Хотя и была нудной работа моя, все же считал я себя в необходимой колее, привык, пробыв девять лет на одном месте, а теперь не знаю. Предколхоза отдал маслобойню заводу, но они мудрят, не хотят нести лишние затраты, хотя они вполне окупались за счет нашей качественной продукции. А теперь колхоз возит молоко на завод, переводят все во второй сорт или даже брак. И сломал я тут же ногу, вот уже четыре месяца по сложному рентгенскому снимку хожу на белютне, а ногу волочу. Как говорится, не загадаешь, Вася!

После твоего апрельского письма в райисполком к отцу в деревню приезжал инструктор с района. В колхозе остались недовольны, что ты сам поперед не обратился к ним, поскольку хотя и в другой удаленной области, не в нашем родном крае, но бывший нашенский, стал ты известный человек, и артистов, дескать, у нас любят и ценят.

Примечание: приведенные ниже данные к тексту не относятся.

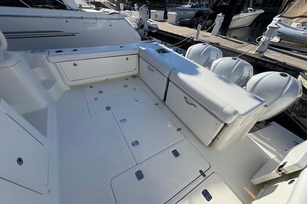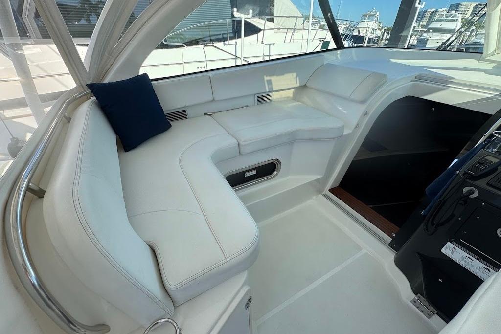 The fully integrated hardtop and windshield are engineered to support an optional factory-built tower. Dependable Yamaha® outboards on the transom not only increase her overall performance but also open up valuable space for additional storage and accommodations. Her sleek, express style with a 13-foot beam results in an expansive cockpit and roomy interior below decks. Two available floor plans below deck feature light-colored interior woods, exquisite fabrics and strategically located ports to make the interior spacious, stylish and inviting.

Мы бы, говорил Попов, оказали помощь вашему отцу, но зачем же тревожить район. С инструктором они были у отца, но отец, известно, больной старик, растерялся и забыл, кого как звать в семье. Правда, Попов сказал, что же ты не обратился к нам, и отец ответил, что просил всего полкубометра лесу, а вы отказали. То было когда, ответил на это Попов.

Дали отцу бумажку в сельпо, там был лес на избяной верх, и отец четыре раза ходил в контору безрезультатно. То председателя нет, то нет машины, и на пятый день нашли попутную, приехали в сельпо, а лесу нет давно. В общем, не помощь, а мытарства, на которые отец не способен в своем возрасте и при своем подорванном здоровье…»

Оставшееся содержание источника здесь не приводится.